Transformer-MLM outperforms other frameworks in terms of BLEU metrics when fine-tuning data are limited, which might have benefited from the bi-directional attention on the source side. Although with million-scale dataset its automatic evaluation scores are not the best, human evaluation shows that its performance is comparable to Transformer-Dec and Transformer-AR. Furthermore, we observe that Transformer-Dec and sometimes Transformer-AR will simply completely copy the input sentence in the output (see examples in Appendix E, Table 11 and 12), but this seldom happens with Transformer-MLM. We conjecture that the MLM objective contributed in alleviating the issue.

Overall, our experiments suggest model architecture is strongly related to the success of fine-tuning a pre-trained model for dialogue generation. The best configuration uses bi-directional attention on the source side and combines encoder and decoder in the same multi-layer transformer blocks.

3.5 Discrepancy Impact

In Table 1, we emphasized the pretrain-finetune discrepancy in red. All the frameworks, except Transformer-Dec, have some discrepancies, while only Transformer-MLM has finetune-generation discrepancy: during training, the model input has random masks as shown in Figure 1, while in generation process, the input consisting does not contain masks. Discrepancies may affect the model performance since models with such discrepancies cannot best exploit the pre-trained language model or best employ the fine-tuned model. In this subsection, we try to understand how model discrepancies affect the model.

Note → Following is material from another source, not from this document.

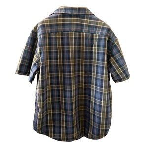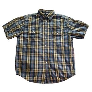 Vintage 90s GAP Shirt Men L Blue Plaid Short Sleeve Button Down Casual Cotton

When a large training dataset is available for fine-tuning, we observe the impact of pretrain-finetune discrepancy is less severe – the model can gradually be adapted to the given task. However, if the training data are limited, the discrepancy problems may surface.

Specifically, Transformer-ED is the framework that has the largest pretrain-finetune discrepancy. We observe that its performance decreases a lot from large training data to small training data. On the other hand, Transformer-Dec has the least pretrain-finetune discrepancy, and we can observe much smaller decrease in performance (especially in human evaluation). We can also compare Transformer-MLM and Transforme-AR, which use an identical architecture. Transformer-AR has additional pretrain-finetune discrepancy due to its auto-regressive objective in fine-tuning. We can see that the performance of Transformer-AR is more reduced when fine-tuned on a small dataset: Transformer-AR performs better than Transformer-MLM with large training datasets, but loses its advantages with small training datasets according to automatic evaluation. The human evaluation can show this larger decrease more clearly.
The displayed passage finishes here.